Find anagram in a text file in python

0

I am stuck in a task, in the task I need to create a function that in that function searches in a text file for a quantity x of letters anagrams, after having found each pair it will be saved as tuple and the function will return the tuple

  

example:

     

> find_anagrams(1000) [('abel', 'able'), ('aboard', 'abroad'), ('abode', 'adobe'), ('accrues', 'accuser')]

this is my code:

n=int(input("Enter a number:"))

def find_anagrams(n):
    t=0
    file = open("words.txt")
    for i in range(n):
        for j in range(n):

            if (file.readline(i).lower().sort()==file.readline(i+1).lower().sort()):
                t[i]=(file.readline(i).lower().sort(),file.readline(i+1).lower().sort())

    return t

print(find_anagrams(n))
    
asked by Julio Mizrahi 03.08.2017 в 00:48
source

1 answer

0

The first thing is to read the word file. The most comfortable thing is to read it in memory. Working directly on the file, as you pretend, is not very advisable (besides that file.readline(i) does not work the way you are using it The i parameter does not indicate the line to read, but the number of bytes to read at most).

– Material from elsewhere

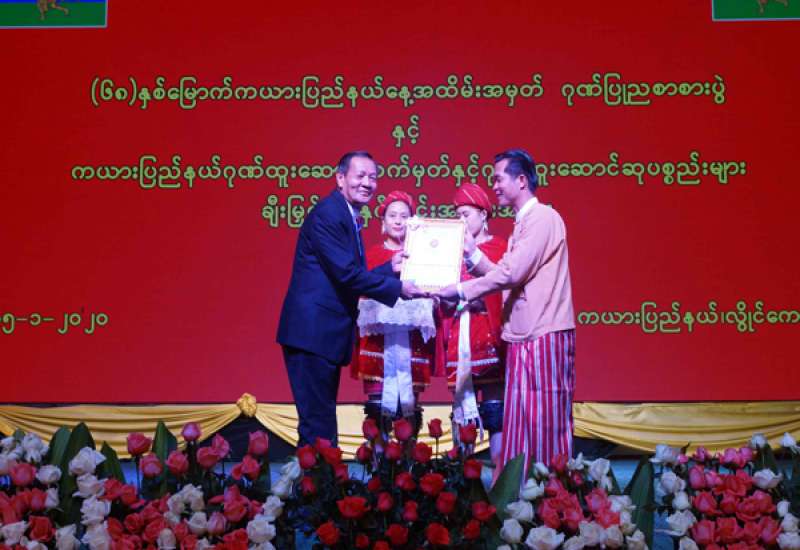 ဇန်နဝါရီလ(၁၅)ရက်နေ့တွင် ကျရောက်သည့် (၆၈)နှစ်မြောက် ကယားပြည်နယ်နေ့ အထိမ်း အမှတ်အဖြစ် ကယားပြည်နယ် ဂုဏ်ထူးဆောင် လက်မှတ်နှင့် ဂုဏ်ထူးဆောင်ဆု ပစ္စည်းချီးမြှင့် အပ်နှင်းခြင်းဆိုင်ရာ ဥပဒေ၊ နည်းဥပဒေများနှင့်အညီ ချီးမြှင့်သော ဂုဏ်ပြုဆုချီးမြှင့်အပ်နှင်းခြင်းနှင့် ဂုဏ်ပြုညစာစားပွဲ အခမ်းအနား အား ယမန်နေ့ ည ၆ နာရီအချိန်က လွိုင်ကော်မြို့၊ ပြည်နယ် ခန်းမ၌ ကျင်းပပြုလုပ်သည်။

We create an iterator lines with all the lines of the file and remove the line break from the end ( x[:-1] ). We limit this iterator to n first lines with function itertools.islice and get a list. All within a block with to ensure that the file is closed once the list is obtained:

from itertools import islice

with open("words.txt") as file:
    lines = (x[:-1].lower() for x in file.readlines())
    words = list(islice(lines, n))

Now that we have the word list, we have to think about how we make the comparisons. We can try to compare words, all against all, but it has a very high cost, O (n ^ 2) , so it would take a lot if the lists are very long. You have to try some kind of strategy that improves the results.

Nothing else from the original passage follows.